学生時代の思い出、まだ続きます(笑)
1979年1月、第16回弘前大学混声合唱団演奏会の記録です。今日はまずその第1ステージから。
この年は「カルミナ・ブラーナ」や「モーツァルト レクイエム」のような大曲に挑戦したわけではありませんが、何故か(笑)5ステージ、約2時間になるという長いコンサートになってしまいました。
第1ステージは合唱組曲「山に祈る」でした。
この曲をステージに乗せるまでになんだか随分色んな事があった気がします。
前年の定演が終わった後、私は高田三郎の「わたしの願い」ともう一つ、「ある曲」を次の定演でやろうと決めていました。この「ある曲」は実はその年の定演でやりたいと思っていた曲でした。でもその時はチーフコンダクターが「レクイエム」をやることになったため取り下げたのです。「レクイエム」が歌えるならその方が嬉しい。それで、今度こそ、とその「ある曲」を早々と練習し始めていたのですが・・・。コンクールの曲が決まった時、残念ながらこの曲はまた取り下げざるを得ないことが分かりました。コンクールの曲、そして定演で常任指揮者が振るステージと同じ作曲家の同じカテゴリーの曲をやるわけには行きませんから(笑)
こうなって、悩みました。もう一つ何かやりたいけれど何にしようか。サブコンダクターがブリテンの曲をやりますし、常任指揮者はモーツァルト。それならもう一曲日本の曲でも良いか。

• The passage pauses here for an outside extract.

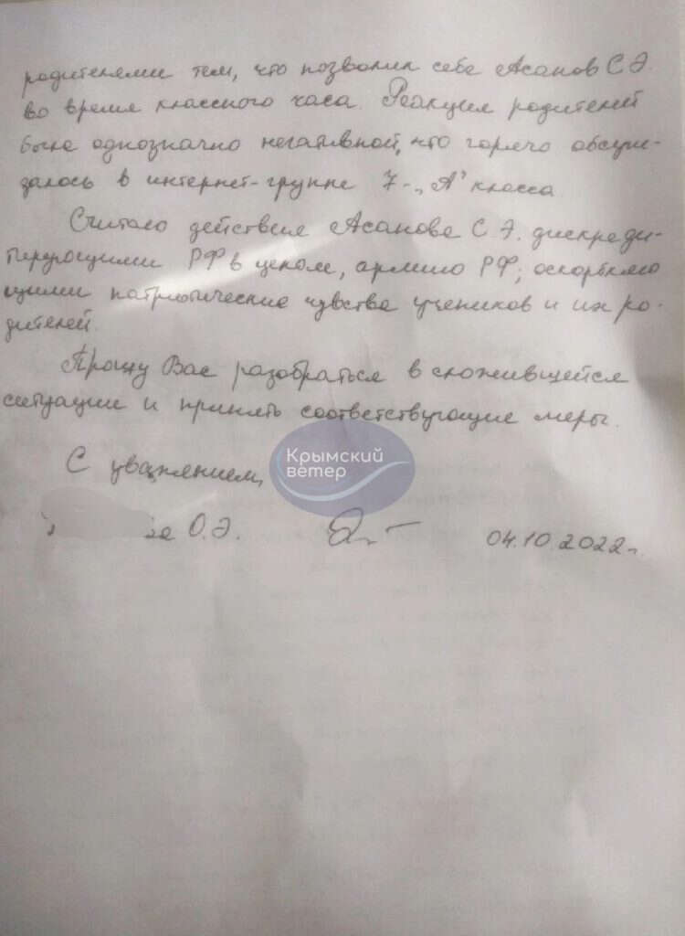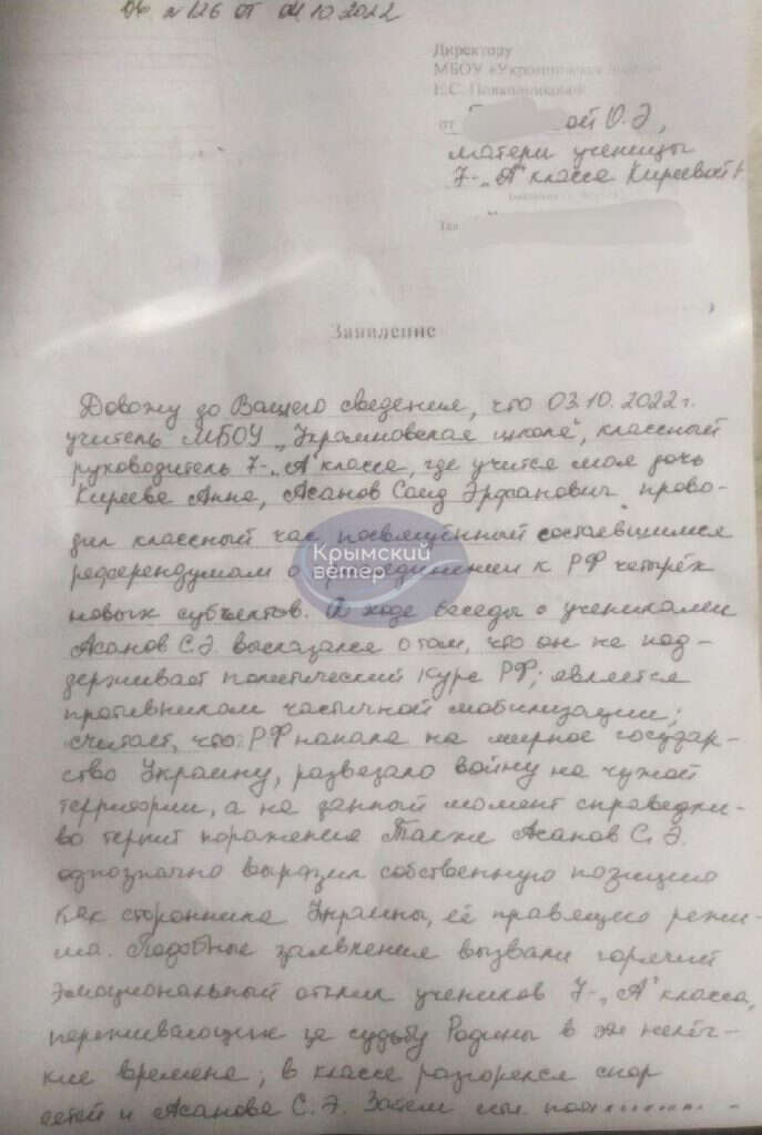 Rusya tarafından işgal edilen Kırım’ın Akmescit (Simferopol) bölgesinde bulunan Yanı Sarabuz (Ukromnoye) köyü sakini bir kadın, Kırım Tatar öğretmen Said Asanov’u polise ispiyonladı. Kadının polise yazdığı ihbar mektubuna göre, matematik öğretmeni ayrıca 7. sınıfta sınıf öğretmenliği yapan Kırım Tatarı Said Asanov, bir derste çocuklara Rusya’nın Ukrayna’ya saldırarak savaşı başlattığını ve şu an da yenildiğini anlattı. Ayrıca ispiyoncu kişi, Asanov’un Kırımlı erkeklerin Rus ordusuna alınmasına karşı olduğunu ve Ukrayna’yı desteklediğini belirtti.

日本の曲と言っても高田三郎の曲はかなり難解な詩の曲で、芸術的ではありますがあまり取っつきの良い曲では無いと思います。
ならば。
日本の合唱曲は、歌う立場で考えれば良い曲が数え切れないくらいあります。
しかし、合唱を知らない人が聴いて面白い曲はどれくらいあるだろう?
合唱にあまり興味の無い人にも訴えかけることのできる曲って、どれくらい・・・
それなら、この曲だ。
と頭に浮かんだのが、この「山に祈る」でした。
(決めた時は曲の長さを忘れていました(笑))
しかし、分かりやすい曲はそれ故に反発も。
「お涙ちょうだい、じゃないの」「浪花節みたい」団員からはそんな声もちらほらと。(高田三郎の曲の時は「意味が分からない」と言う声が聞こえましたから、まあどちらにしても色々あるようです(笑))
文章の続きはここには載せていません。